_Exercise instructions_.
Return the whole listing, line for line, without the pictures in it.

_Material provided_.
┌────────

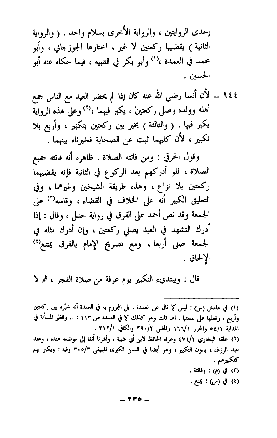 944 - لأن أنسا - رَضِيَ اللَّهُ عَنْهُ - كان إذا لم يحضر العيد مع الناس جمع أهله وولده وصلى ركعتين، يكبر فيهما، وعلى هذه الرواية يكبر فيها.
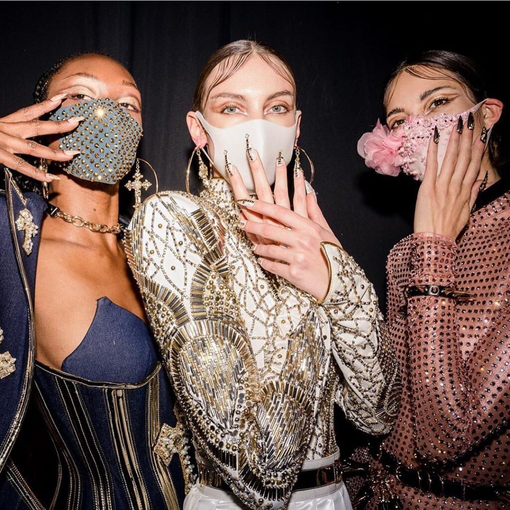 Models wore masks bedazzled in everything from flowers to studs for The Blonds show during New York Fashion Week in February 2020.
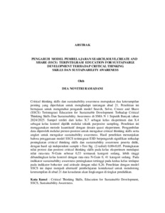 DEA NOVITRI , RAMADANI (2025) PENGARUH MODEL PEMBELAJARAN SEARCH,SOLVE,CREATE AND SHARE (SSCS) TERINTEGRASI EDUCATION FOR SUSTAINABLE DEVELOPMENT TERHADAP CRITICAL THINKING SKILLS DAN SUSTAINABILITY AWARENESS. FAKULTAS KEGURUAN DAN ILMU PENDIDIKAN, UNIVERSITAS LAMPUNG.

└────────

_Response area_.
 944 - لأن أنسا - رَضِيَ اللَّهُ عَنْهُ - كان إذا لم يحضر العيد مع الناس جمع أهله وولده وصلى ركعتين، يكبر فيهما، وعلى هذه الرواية يكبر فيها.
 Models wore masks bedazzled in everything from flowers to studs for The Blonds show during New York Fashion Week in February 2020.
 DEA NOVITRI , RAMADANI (2025) PENGARUH MODEL PEMBELAJARAN SEARCH,SOLVE,CREATE AND SHARE (SSCS) TERINTEGRASI EDUCATION FOR SUSTAINABLE DEVELOPMENT TERHADAP CRITICAL THINKING SKILLS DAN SUSTAINABILITY AWARENESS. FAKULTAS KEGURUAN DAN ILMU PENDIDIKAN, UNIVERSITAS LAMPUNG.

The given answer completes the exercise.